Lawmakers on Tuesday said the Government Operations and Audit Committee should issue the subpoenas to seek answers regarding allegations of financial misconduct at the Governor's Office of Economic Development.

"The state legislature has a responsibility to the taxpayers to hold the executive branch accountable as part of our democratic system of checks and balances," Rep. Bernie Hunhoff said from prepared remarks at a press event.

A state audit found that before Richard Benda left his job as head of economic development in 2010, he tacked on an extra $550,000 to a grant agreement to help the struggling Northern Beef Packers plant in Aberdeen. A report from Attorney General Marty Jackley showed the same amount was improperly diverted to SDRC Inc., Benda's new employer.

SDRC, managed by businessman Joop Bollen, administered the EB-5 visa program in the state, which allows people to seek U.S. residency if they invest at least $500,000 in approved projects. The failed Northern Beef Packers plant in Aberdeen was funded in part through that program and was also the project through which Benda arranged the transfer.

Hunhoff said the Democratic lawmakers hope that mounting pressure from newspaper editorials and the public lead the committee to force Rounds and Daugaard to explain "what they know and when they knew it" regarding the program.

Hunhoff and others said Daugaard, Rounds and Bollen must explain where the $550,000 in question is, whether Benda was working alone when the money was diverted and what they categorized as finger-pointing between the Rounds and Daugaard administrations.

"The governor is also frustrated that we cannot learn more about what state and federal investigators have found involving the EB-5 program, but he understands that is how the process works," Tony Venhuizen, Daugaard's spokesman, said in a statement.

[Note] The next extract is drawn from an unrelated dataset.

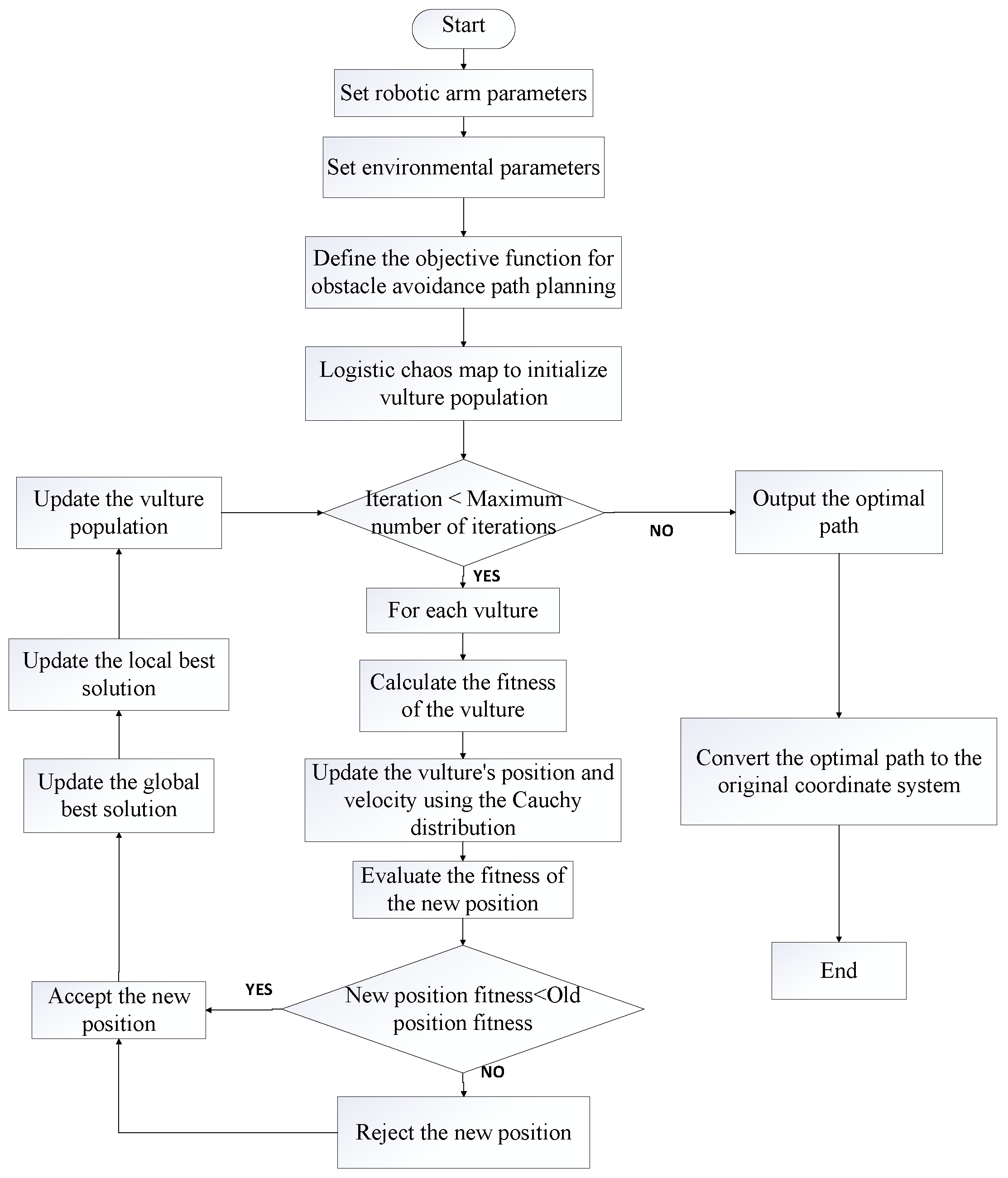 In addressing the challenge of obstacle avoidance and optimal path planning for robotic arms, this paper proposes a novel Cauchy Chaos-based African Vulture Optimization Algorithm (CC-AVOA). By introducing Cauchy mutation and logistic chaos mapping, the algorithm enhances population diversity and strengthens the ability to escape local optima, resulting in faster convergence. To verify the effectiveness of the proposed CC-AVOA, simulations were conducted in two-dimensional, three-dimensional, and robotic arm environments using MATLAB. The performance of CC-AVOA was compared against other algorithms. The simulation results show that CC-AVOA generates obstacle avoidance paths with fewer nodes and shorter lengths than other methods, demonstrating its practicality and effectiveness for robotic arm obstacle avoidance path planning.

Venhuizen said that although Jackley may have learned more information about the fate of the $550,000, "state officials do not know what happened to those funds once they were received" by Northern Beef.

A spokesman for Rounds said the former governor "has fully cooperated with the state's investigation and he will continue to do so."

Daugaard and Rounds are Republican. Daugaard is running for re-election in November and Rounds is seeking a U.S. Senate seat.

The Democratic lawmakers on Tuesday asked for a subpoena against Bollen. In July, lawmakers on the committee rejected a motion by member Democratic Rep. Susan Wismer to subpoena Bollen. The Governor's Office of Economic Development ended its contract with SDRC in September.

Bollen could not be reached Tuesday.

Jackley last month said he was ready to file felony theft charges and seek an indictment against Benda days before he committed suicide last fall.

A draft of the complaint against Benda showed that Jackley would have charged Benda with three alternate felony counts alleging he illegally obtained $550,000 in economic development money intended for the Northern Beef Packers plant and double-billing the state $5,559.80 for three flights to China and Las Vegas.